Audience, purpose, and strategy are typically interconnected. If the audience knows less than the writer, the writer’s purpose is often instructional (as in a textbook). If the audience knows more than the writer, the writer’s purpose is usually to display familiarity, expertise, and intelligence. The latter is a common situation for the graduate student writer. (p. 6)

In actual fact, the latter is a common misconception about academic writing, one that is perhaps understandable among undergraduates (though still wrong) but absolutely in need of being abandoned by graduate students. They must feel like their purpose is, not to show the teacher that they are smart, but to open their thinking to criticism from people who are qualified to tell them they are wrong. If they are to “display” anything it is their awareness of possible sources of error in their thinking and their willingness to stand corrected if they’ve made a mistake. The common situation of the scholar (and that is what a student is trying to become) is where the audience knows about as much as the writer on the subject at hand. The business of scholarship is to expose ideas to criticism.

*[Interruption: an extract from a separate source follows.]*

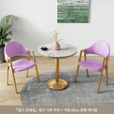 티 테이블 세트 원형 2인용 세라믹 식탁 베란다 발코니 카페, 퍼플핑크(골드세라믹원탁60CM+의자2)
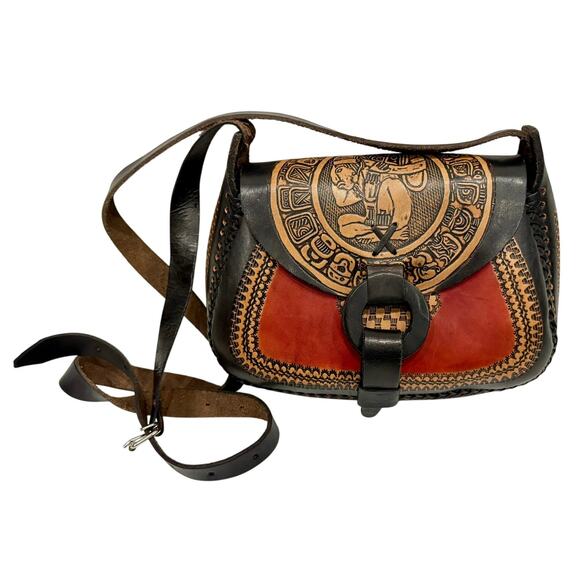 Absolutely beautiful and unique vintage leather crossbody bag handmade in Mexico - truly a work of art!

I can see that I have my work cut out for me. But I think my plan still holds: I’m going to work through each of Caplan’s “makeovers” and show that the introduction of “genre” considerations really just affords us an opportunity to return what a rather reductive understanding of “essay” removed from the more familiar school assignment, namely, the situation, audience, purpose, and meaning of traditional scholarship, ordinary academic work. With those things firmly in mind, the five-paragraph essay offers a rich, if of course limited, opportunity for experimentation.